With the pictures left out, restate exactly the part below that opens with the line containing "拉杆箱或者大背包,以及一个小" and closes with the line containing "गया जो पृथक-पृथक".

* DATA TO USE
..............................

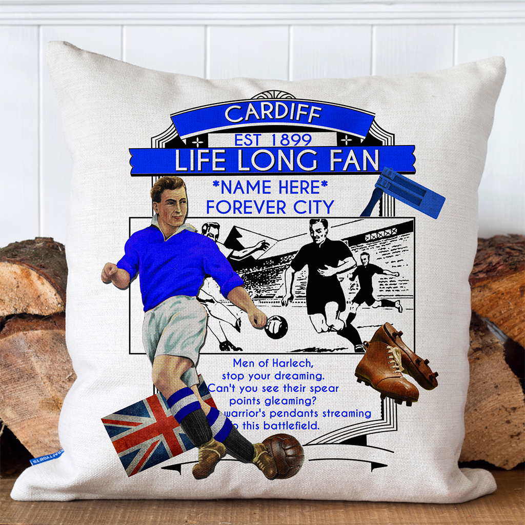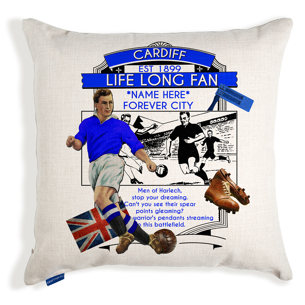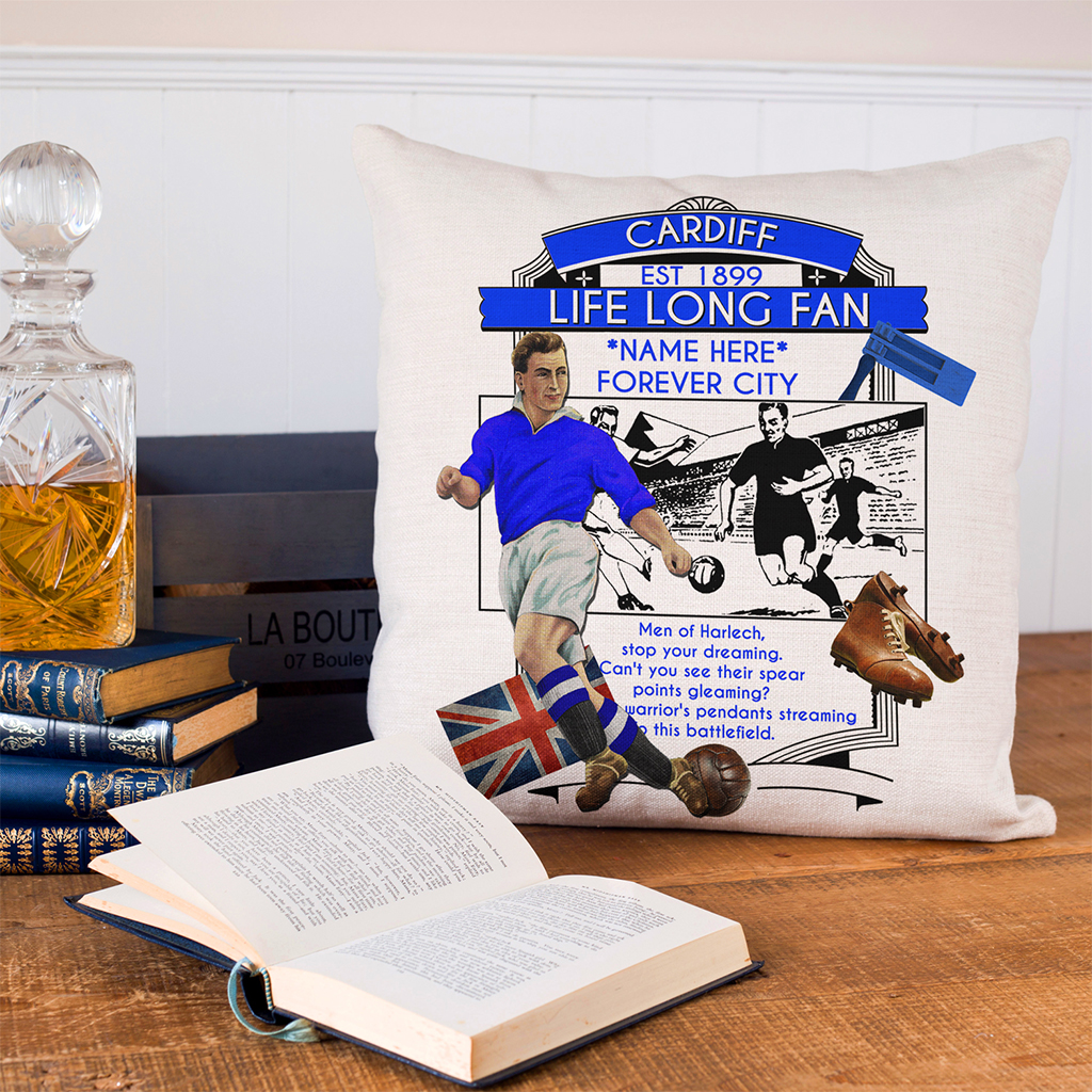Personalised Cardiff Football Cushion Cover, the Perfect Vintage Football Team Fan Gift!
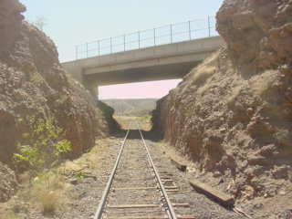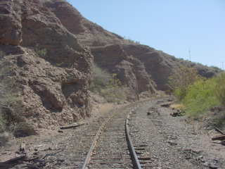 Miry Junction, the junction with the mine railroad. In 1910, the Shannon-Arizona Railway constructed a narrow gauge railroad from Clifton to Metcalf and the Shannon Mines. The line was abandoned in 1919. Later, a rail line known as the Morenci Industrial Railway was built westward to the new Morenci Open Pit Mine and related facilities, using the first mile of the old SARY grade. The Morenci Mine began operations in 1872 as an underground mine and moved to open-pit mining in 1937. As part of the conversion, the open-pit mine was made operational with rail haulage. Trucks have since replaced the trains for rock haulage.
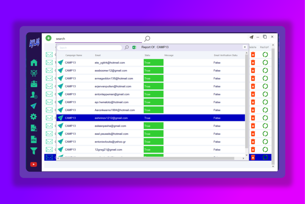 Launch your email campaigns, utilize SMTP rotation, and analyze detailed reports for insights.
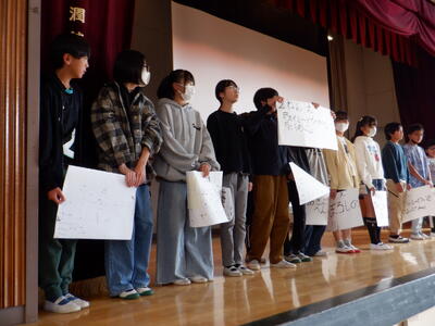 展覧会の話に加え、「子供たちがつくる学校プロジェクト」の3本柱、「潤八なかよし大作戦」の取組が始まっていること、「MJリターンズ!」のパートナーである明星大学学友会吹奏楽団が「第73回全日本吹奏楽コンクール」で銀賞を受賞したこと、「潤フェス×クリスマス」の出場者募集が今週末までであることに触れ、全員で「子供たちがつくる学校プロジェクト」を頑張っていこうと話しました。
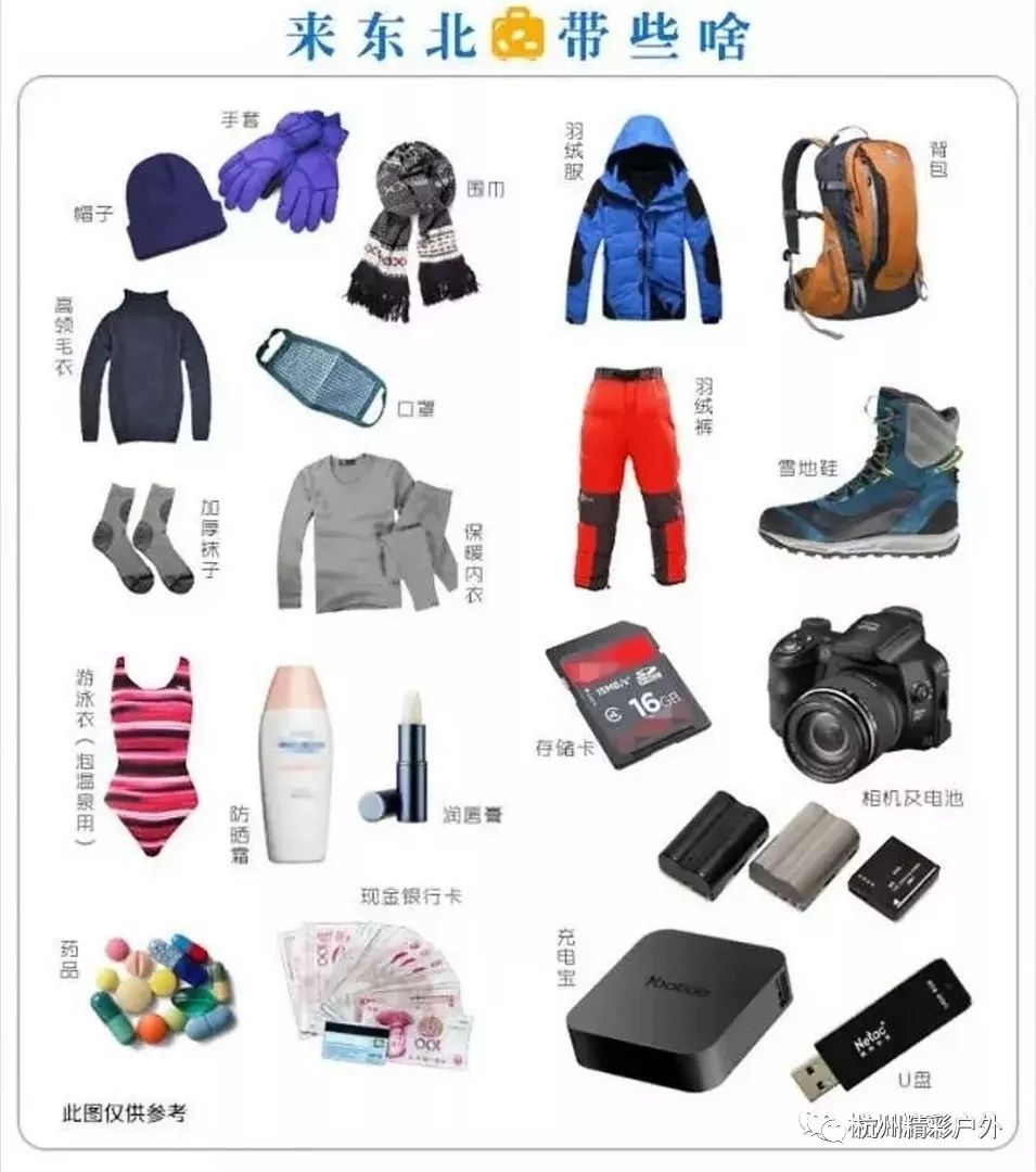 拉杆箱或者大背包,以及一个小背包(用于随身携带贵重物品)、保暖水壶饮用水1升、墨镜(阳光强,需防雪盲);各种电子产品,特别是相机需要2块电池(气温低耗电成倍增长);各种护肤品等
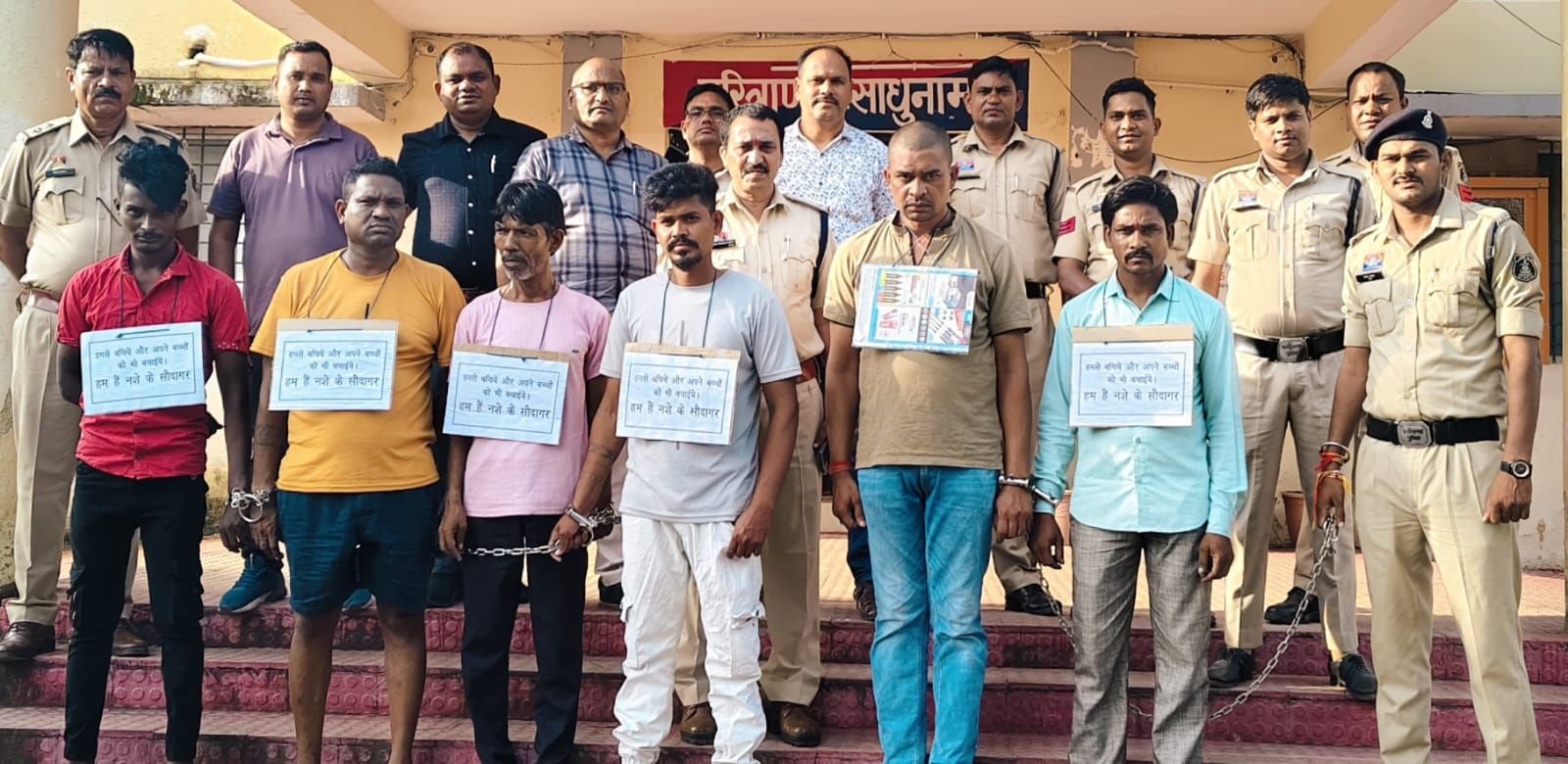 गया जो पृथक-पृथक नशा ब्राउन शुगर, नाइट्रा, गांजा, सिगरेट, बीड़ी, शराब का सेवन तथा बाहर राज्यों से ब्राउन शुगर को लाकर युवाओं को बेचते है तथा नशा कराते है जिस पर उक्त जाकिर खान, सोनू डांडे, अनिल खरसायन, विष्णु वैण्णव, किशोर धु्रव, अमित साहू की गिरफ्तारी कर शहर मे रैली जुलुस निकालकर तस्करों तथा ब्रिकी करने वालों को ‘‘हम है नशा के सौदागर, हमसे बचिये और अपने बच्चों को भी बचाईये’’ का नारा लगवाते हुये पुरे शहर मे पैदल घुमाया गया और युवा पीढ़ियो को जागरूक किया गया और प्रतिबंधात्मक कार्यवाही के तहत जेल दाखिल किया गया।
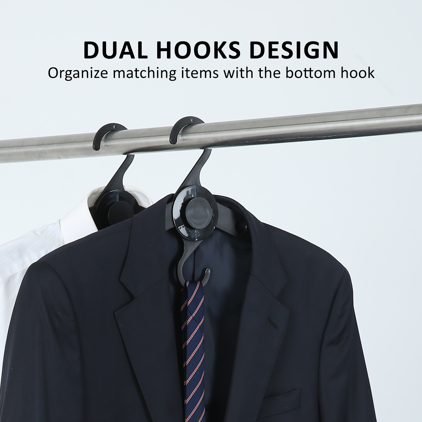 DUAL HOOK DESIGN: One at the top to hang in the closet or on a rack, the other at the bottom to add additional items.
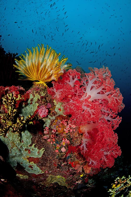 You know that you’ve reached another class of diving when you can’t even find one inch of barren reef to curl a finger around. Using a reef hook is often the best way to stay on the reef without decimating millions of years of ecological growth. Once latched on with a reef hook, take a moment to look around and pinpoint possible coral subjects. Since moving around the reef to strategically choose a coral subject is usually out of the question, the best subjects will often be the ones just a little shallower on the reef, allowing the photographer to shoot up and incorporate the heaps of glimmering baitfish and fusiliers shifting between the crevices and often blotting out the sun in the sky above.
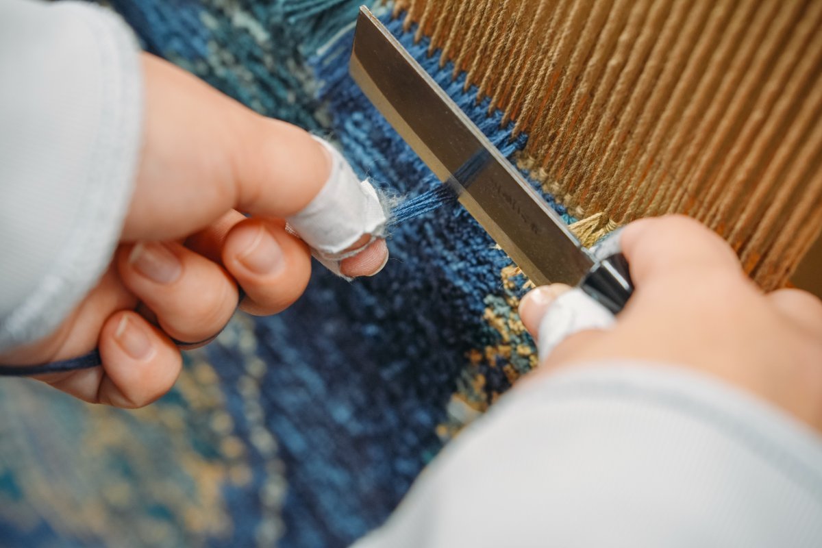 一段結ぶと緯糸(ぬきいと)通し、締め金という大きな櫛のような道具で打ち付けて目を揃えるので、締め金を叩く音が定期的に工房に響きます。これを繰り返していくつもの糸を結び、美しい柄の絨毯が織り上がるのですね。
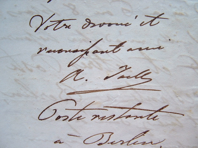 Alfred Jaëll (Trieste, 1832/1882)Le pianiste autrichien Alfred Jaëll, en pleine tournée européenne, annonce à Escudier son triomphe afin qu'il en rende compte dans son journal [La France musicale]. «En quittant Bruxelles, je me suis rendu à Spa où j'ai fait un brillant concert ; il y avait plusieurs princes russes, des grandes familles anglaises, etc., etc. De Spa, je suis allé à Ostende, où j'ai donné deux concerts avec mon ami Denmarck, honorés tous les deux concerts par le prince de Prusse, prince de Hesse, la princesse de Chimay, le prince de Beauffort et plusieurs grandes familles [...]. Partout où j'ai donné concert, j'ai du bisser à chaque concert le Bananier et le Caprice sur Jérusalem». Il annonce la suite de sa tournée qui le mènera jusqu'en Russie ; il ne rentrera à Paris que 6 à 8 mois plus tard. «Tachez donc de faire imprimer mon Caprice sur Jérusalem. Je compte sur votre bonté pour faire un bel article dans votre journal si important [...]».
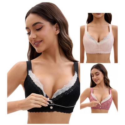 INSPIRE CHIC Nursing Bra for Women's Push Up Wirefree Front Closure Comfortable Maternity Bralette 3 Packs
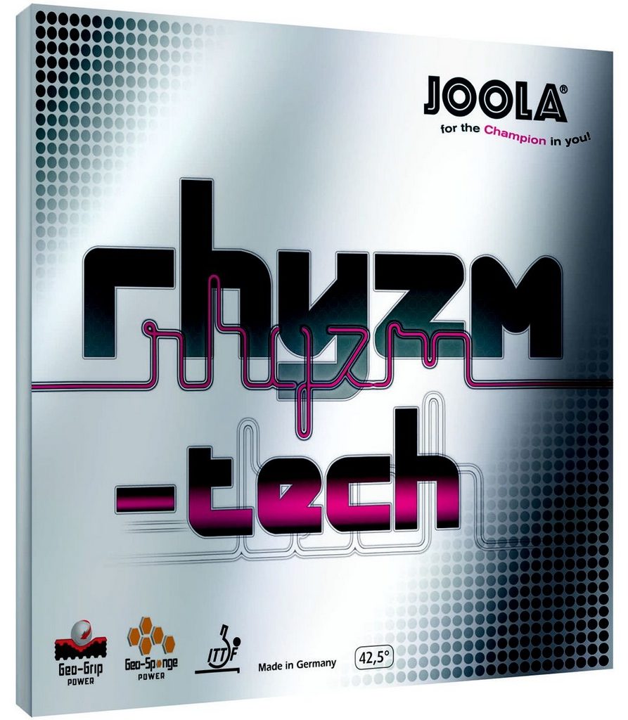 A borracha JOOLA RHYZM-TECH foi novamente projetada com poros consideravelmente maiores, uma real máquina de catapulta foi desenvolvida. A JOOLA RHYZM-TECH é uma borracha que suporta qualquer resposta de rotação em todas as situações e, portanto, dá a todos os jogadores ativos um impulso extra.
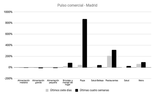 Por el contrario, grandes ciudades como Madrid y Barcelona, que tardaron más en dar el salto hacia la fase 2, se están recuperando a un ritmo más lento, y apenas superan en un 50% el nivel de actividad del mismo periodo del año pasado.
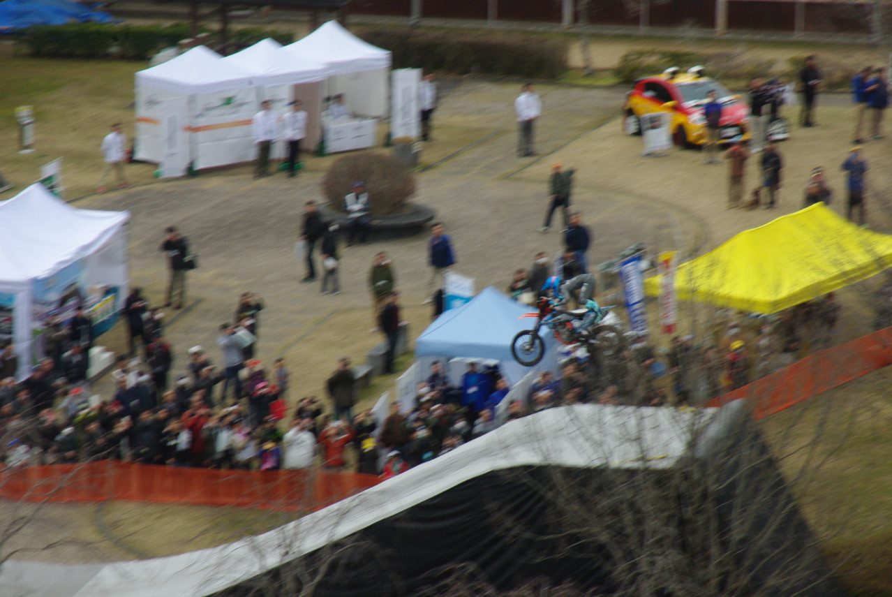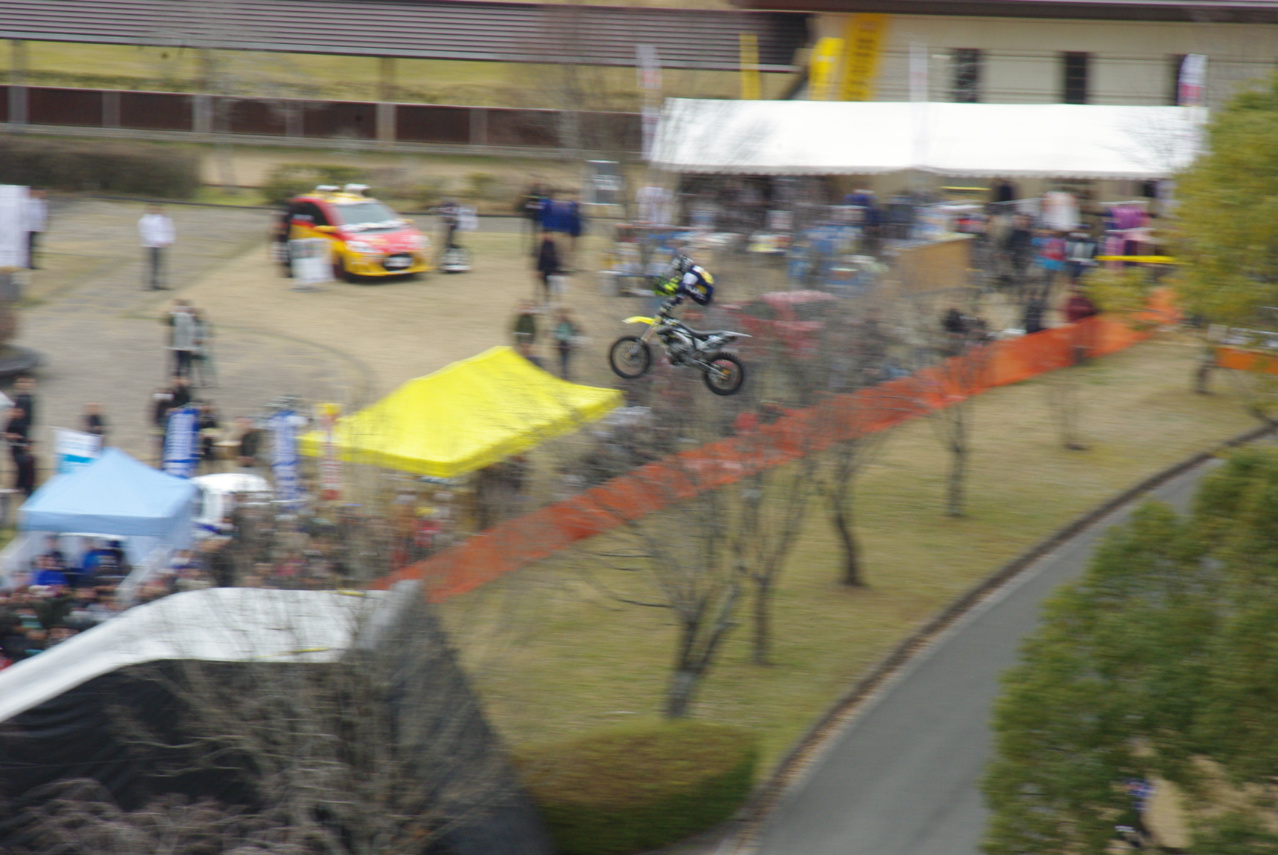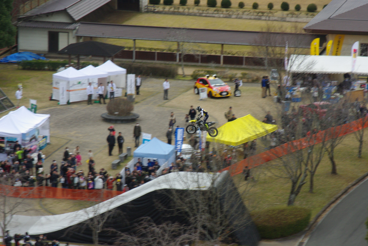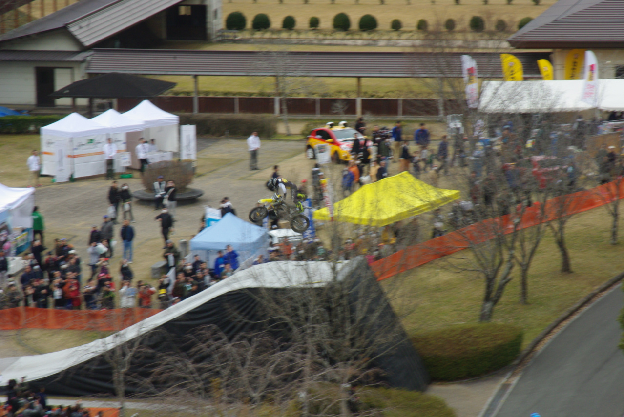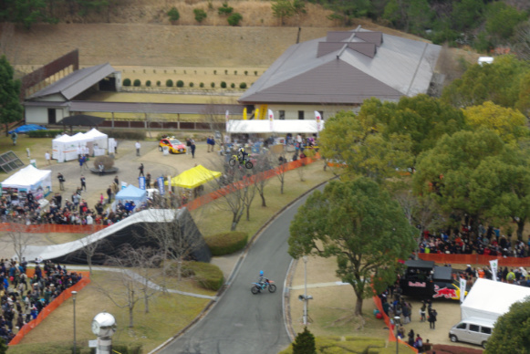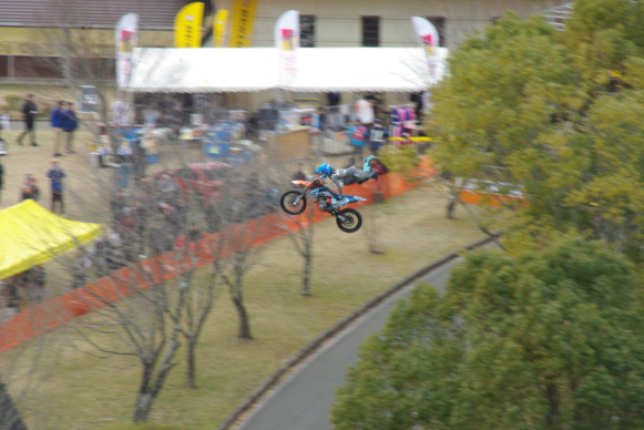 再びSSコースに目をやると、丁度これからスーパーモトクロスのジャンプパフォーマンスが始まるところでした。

..............................

* WRITTEN SOLUTION
 拉杆箱或者大背包,以及一个小背包(用于随身携带贵重物品)、保暖水壶饮用水1升、墨镜(阳光强,需防雪盲);各种电子产品,特别是相机需要2块电池(气温低耗电成倍增长);各种护肤品等
 गया जो पृथक-पृथक नशा ब्राउन शुगर, नाइट्रा, गांजा, सिगरेट, बीड़ी, शराब का सेवन तथा बाहर राज्यों से ब्राउन शुगर को लाकर युवाओं को बेचते है तथा नशा कराते है जिस पर उक्त जाकिर खान, सोनू डांडे, अनिल खरसायन, विष्णु वैण्णव, किशोर धु्रव, अमित साहू की गिरफ्तारी कर शहर मे रैली जुलुस निकालकर तस्करों तथा ब्रिकी करने वालों को ‘‘हम है नशा के सौदागर, हमसे बचिये और अपने बच्चों को भी बचाईये’’ का नारा लगवाते हुये पुरे शहर मे पैदल घुमाया गया और युवा पीढ़ियो को जागरूक किया गया और प्रतिबंधात्मक कार्यवाही के तहत जेल दाखिल किया गया।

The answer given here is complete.